## [What to do]
An exact copy of the lines of the listing below between the "This beach towel" line and the "Bất chấp cơn" line, both included, is the whole answer; please omit the pictures.

--- Given records ---

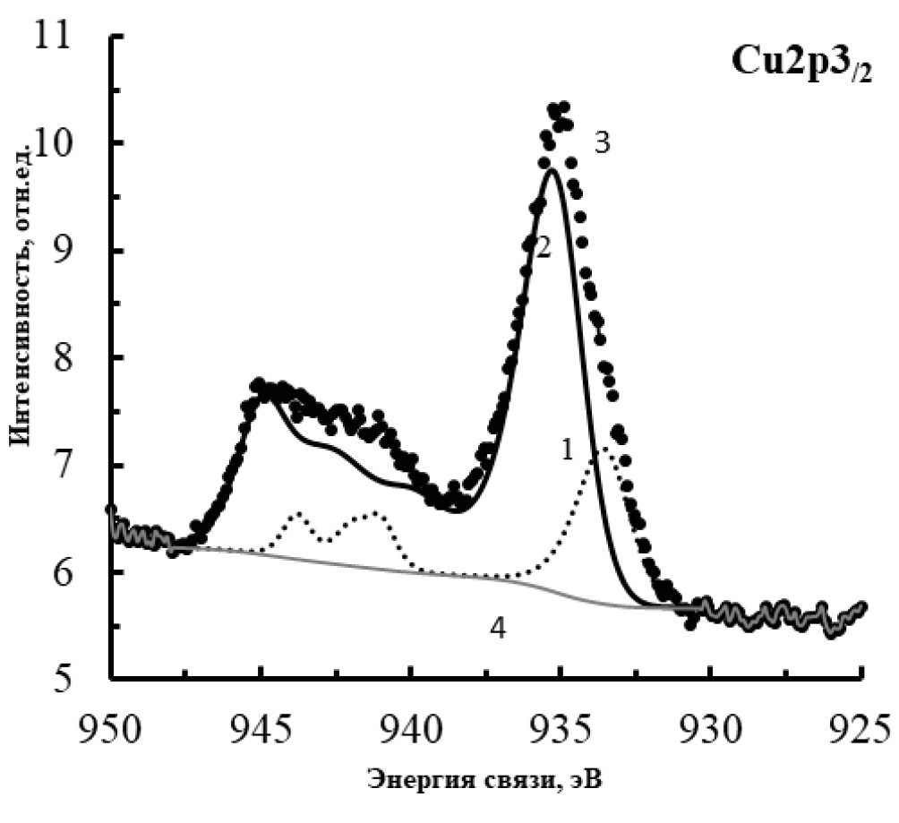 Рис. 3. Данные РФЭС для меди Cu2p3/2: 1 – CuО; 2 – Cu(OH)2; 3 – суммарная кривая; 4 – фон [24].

---
--- Given records ---

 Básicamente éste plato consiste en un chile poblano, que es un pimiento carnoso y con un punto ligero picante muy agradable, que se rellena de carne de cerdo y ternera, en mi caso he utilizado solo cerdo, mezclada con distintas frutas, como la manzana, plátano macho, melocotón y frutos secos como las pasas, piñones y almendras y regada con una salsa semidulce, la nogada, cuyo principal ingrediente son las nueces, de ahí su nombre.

---
--- Given records ---

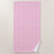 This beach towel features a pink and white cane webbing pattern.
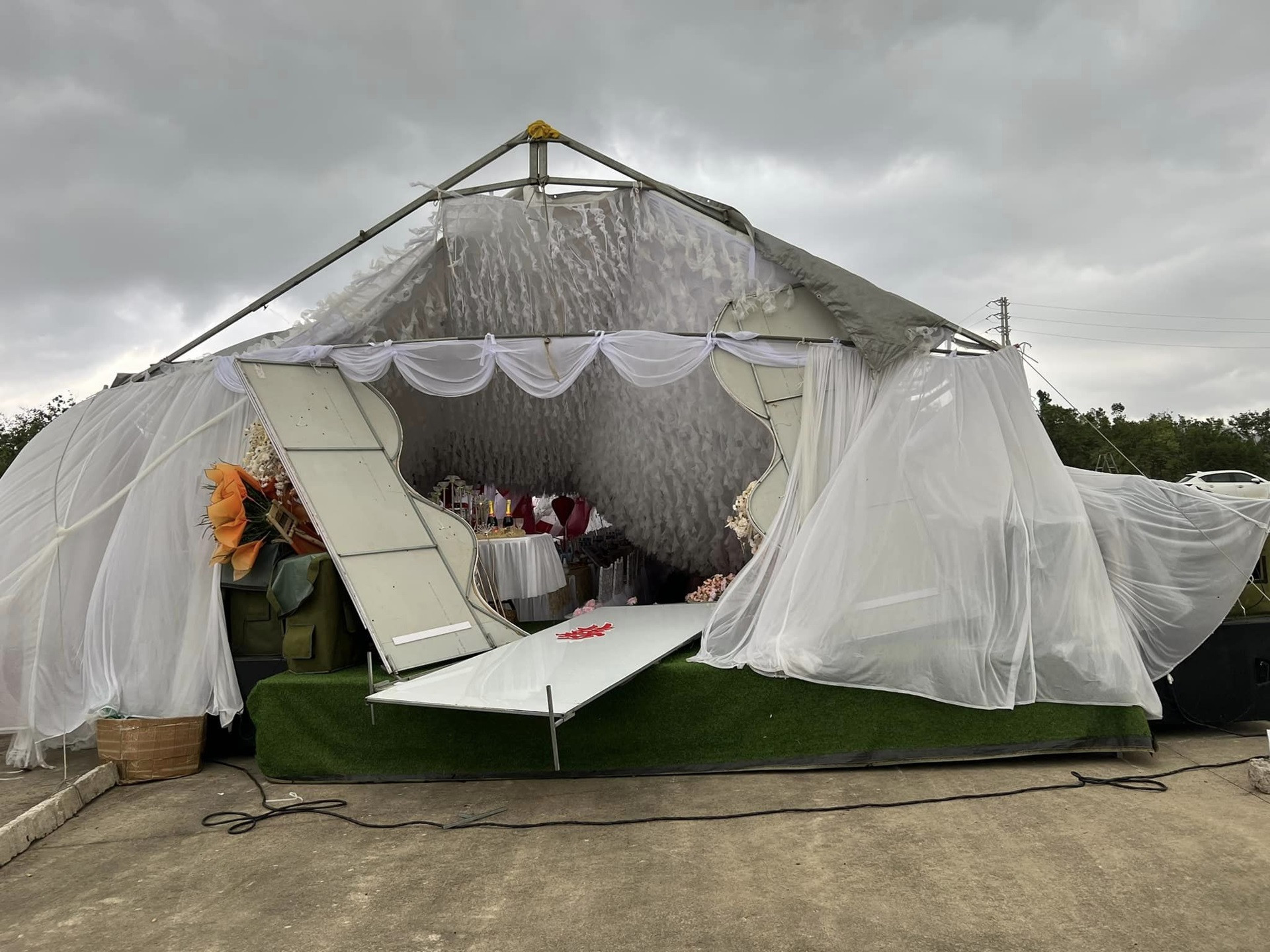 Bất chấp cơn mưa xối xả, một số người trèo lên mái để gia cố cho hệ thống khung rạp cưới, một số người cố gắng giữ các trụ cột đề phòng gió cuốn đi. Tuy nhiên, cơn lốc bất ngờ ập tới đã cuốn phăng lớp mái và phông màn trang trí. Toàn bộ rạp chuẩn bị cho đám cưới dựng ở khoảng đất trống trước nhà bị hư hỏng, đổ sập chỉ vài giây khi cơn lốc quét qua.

---

## [Response to this task]
 This beach towel features a pink and white cane webbing pattern.
 Bất chấp cơn mưa xối xả, một số người trèo lên mái để gia cố cho hệ thống khung rạp cưới, một số người cố gắng giữ các trụ cột đề phòng gió cuốn đi. Tuy nhiên, cơn lốc bất ngờ ập tới đã cuốn phăng lớp mái và phông màn trang trí. Toàn bộ rạp chuẩn bị cho đám cưới dựng ở khoảng đất trống trước nhà bị hư hỏng, đổ sập chỉ vài giây khi cơn lốc quét qua.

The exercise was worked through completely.